Reproduce exactly the lines from the one that holds "Herb-Crusted Baked Boursin" through the last line of the entries, both ends included, but not the pictures.
'''
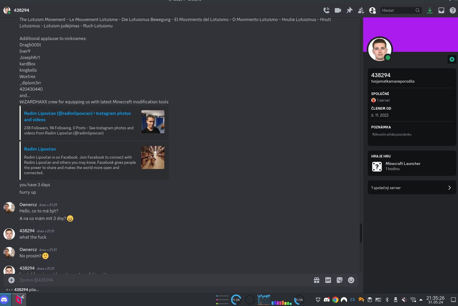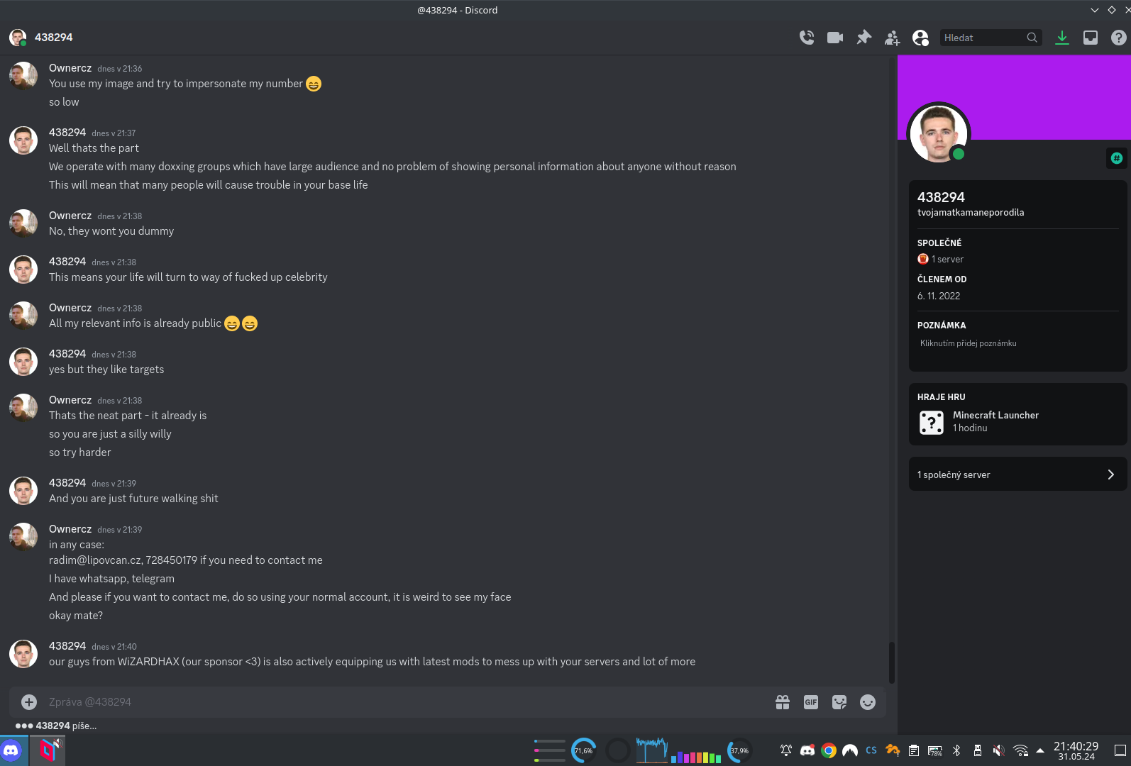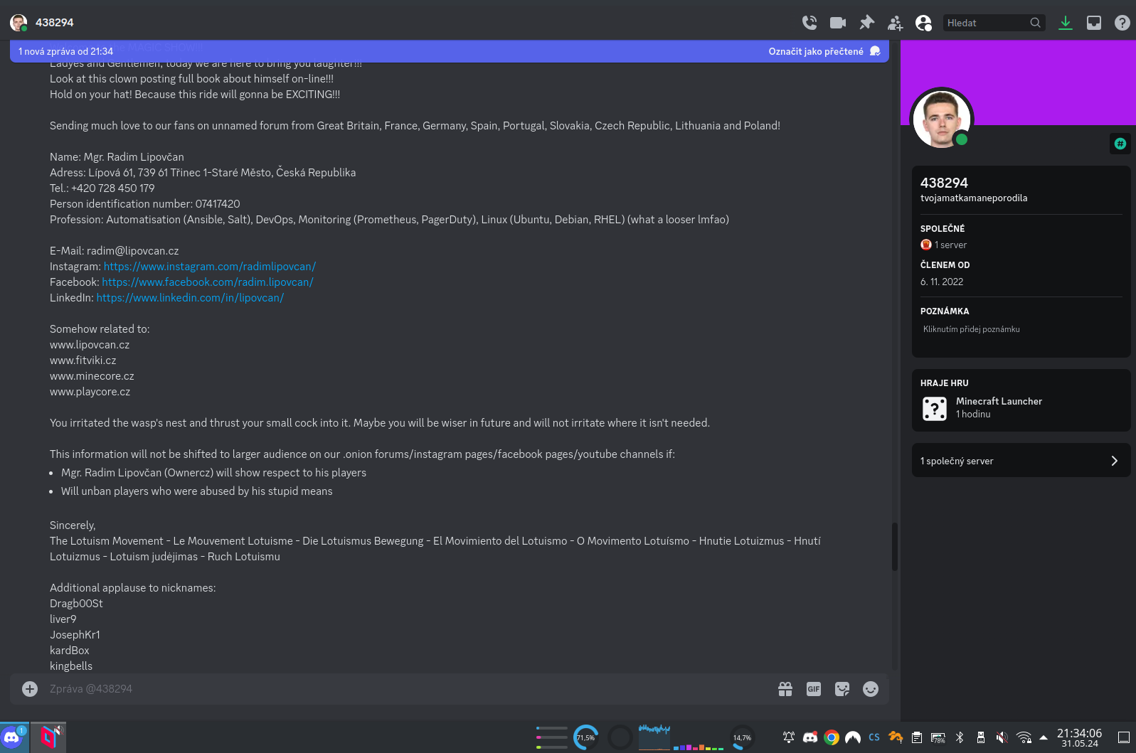 Docela zajímavá je tato část, kdy jsem údajně naštval vosy a … kickem a banem? No okay, Karen z Minecraftu, toto je overreaction velikosti Sněžky. Dokonce tady máme i kroky, které musím udělat, aby tyto informace nešly dál ven! Oh no, anyway… Karen started blasting – technická vstuvka – borec si změnil nick z psychedcorpse na 438294 a hodil si na DC mou profilovku, kterou mám na Linkedinu. V galerii vidíte, jak probíhaly soukromé zprávy v chatu:
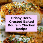 Herb-Crusted Baked Boursin Chicken features juicy, tender chicken breasts coated with a savory mixture of Boursin cheese, fresh herbs, and crispy panko breadcrumbs. This easy-to-make baked dish combines creamy, cheesy flavors with aromatic parsley, thyme, and rosemary, perfect for a flavorful weeknight dinner or special occasion.
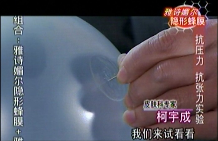将雅诗媚尔隐形蜂膜凝胶产品涂抹在气球上,等它自然风干,待形成一层透明的胶膜时,然后用钢针去扎气球,是扎不破的
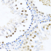 Immunohistochemical analysis of DDX46 staining in rat testis formalin fixed paraffin embedded tissue section. The section was pre-treated using heat mediated antigen retrieval with sodium citrate buffer (pH 6.0). The section was then incubated with the antibody at room temperature and detected using an HRP conjugated compact polymer system. DAB was used as the chromogen. The section was then counterstained with haematoxylin and mounted with DPX.
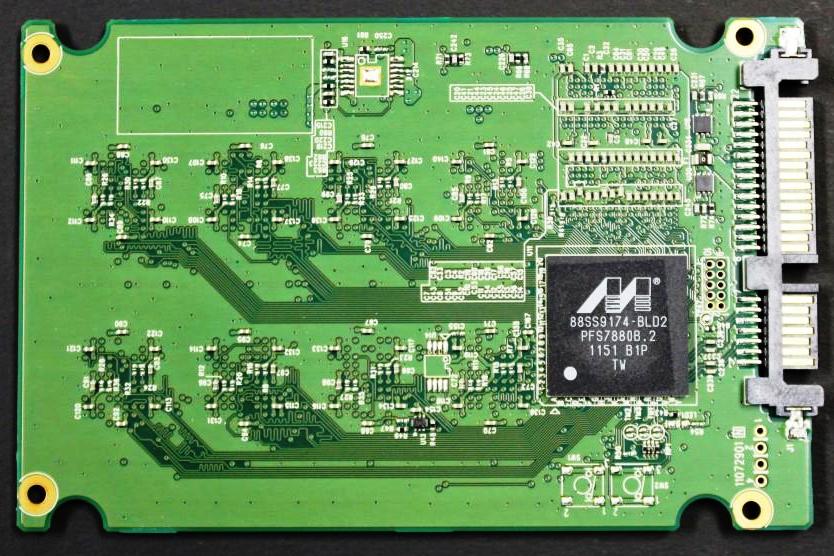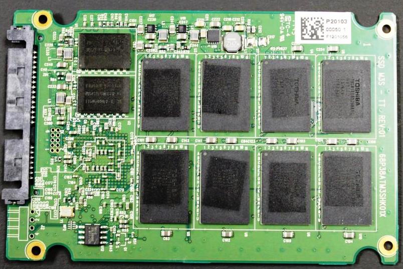 The top of the printed circuit board (PCB) contains eight pieces of Toshiba 24nm Toggle NAND packages, along with 512MB of DRAM cache memory for increased SSD endurance and performance, and the bottom of the PCB holds the Marvell 88SS9174-BKK2 processor. Each module is 32GB in size for a total capacity of 256GB, however, the total available storage after formatting is slightly less at 238GB.
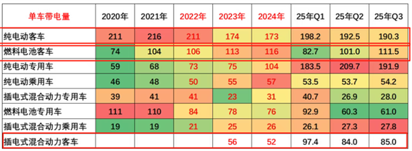 六、各类技术路线新能源客车单车平均带电量简析
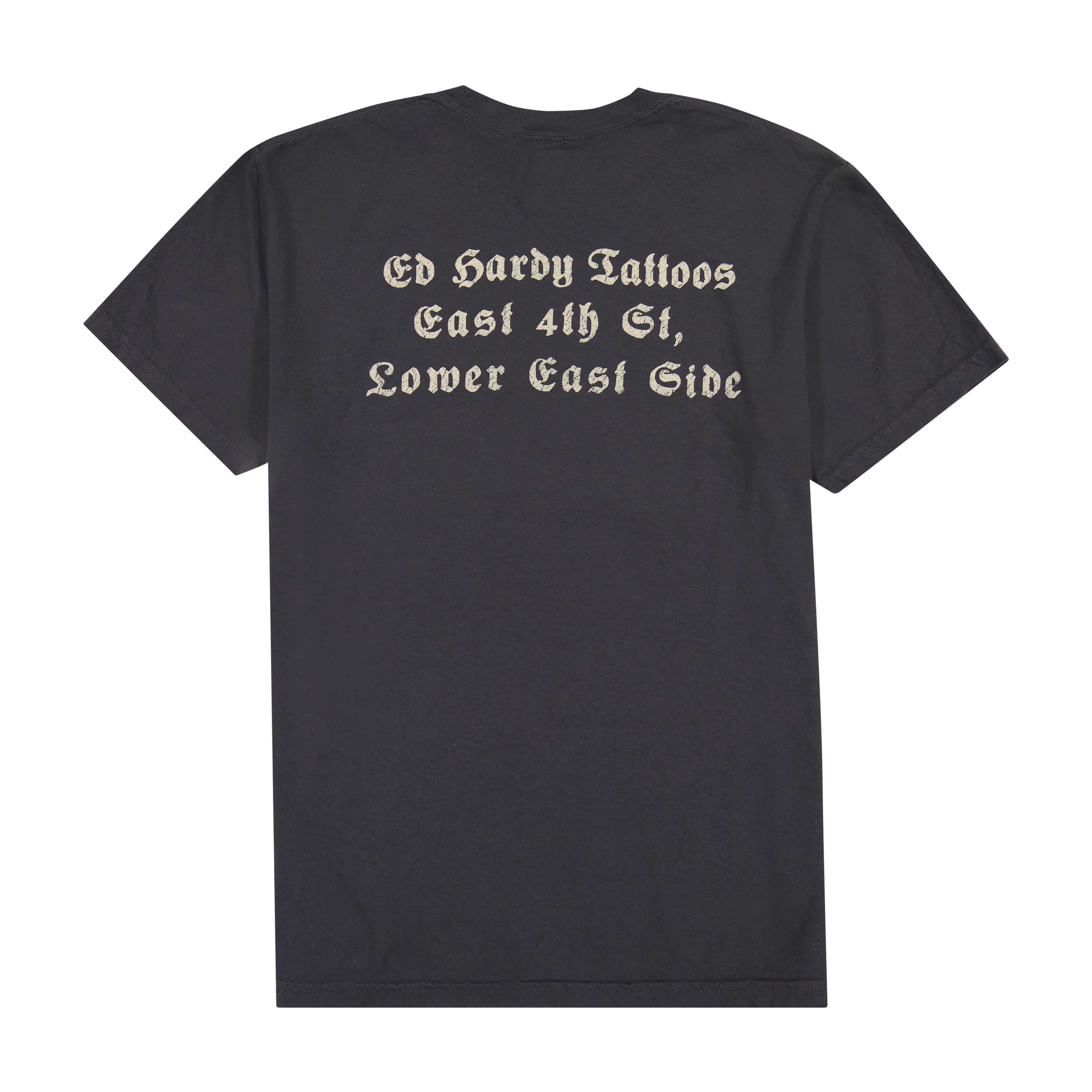 100% cotton tee treated with a garment wash to evoke a vintage feel. Complete with archival Ed Hardy logos and profile tiger graphic.
'''
Problem solution
 Herb-Crusted Baked Boursin Chicken features juicy, tender chicken breasts coated with a savory mixture of Boursin cheese, fresh herbs, and crispy panko breadcrumbs. This easy-to-make baked dish combines creamy, cheesy flavors with aromatic parsley, thyme, and rosemary, perfect for a flavorful weeknight dinner or special occasion.
将雅诗媚尔隐形蜂膜凝胶产品涂抹在气球上,等它自然风干,待形成一层透明的胶膜时,然后用钢针去扎气球,是扎不破的
 Immunohistochemical analysis of DDX46 staining in rat testis formalin fixed paraffin embedded tissue section. The section was pre-treated using heat mediated antigen retrieval with sodium citrate buffer (pH 6.0). The section was then incubated with the antibody at room temperature and detected using an HRP conjugated compact polymer system. DAB was used as the chromogen. The section was then counterstained with haematoxylin and mounted with DPX.
 The top of the printed circuit board (PCB) contains eight pieces of Toshiba 24nm Toggle NAND packages, along with 512MB of DRAM cache memory for increased SSD endurance and performance, and the bottom of the PCB holds the Marvell 88SS9174-BKK2 processor. Each module is 32GB in size for a total capacity of 256GB, however, the total available storage after formatting is slightly less at 238GB.
 六、各类技术路线新能源客车单车平均带电量简析
 100% cotton tee treated with a garment wash to evoke a vintage feel. Complete with archival Ed Hardy logos and profile tiger graphic.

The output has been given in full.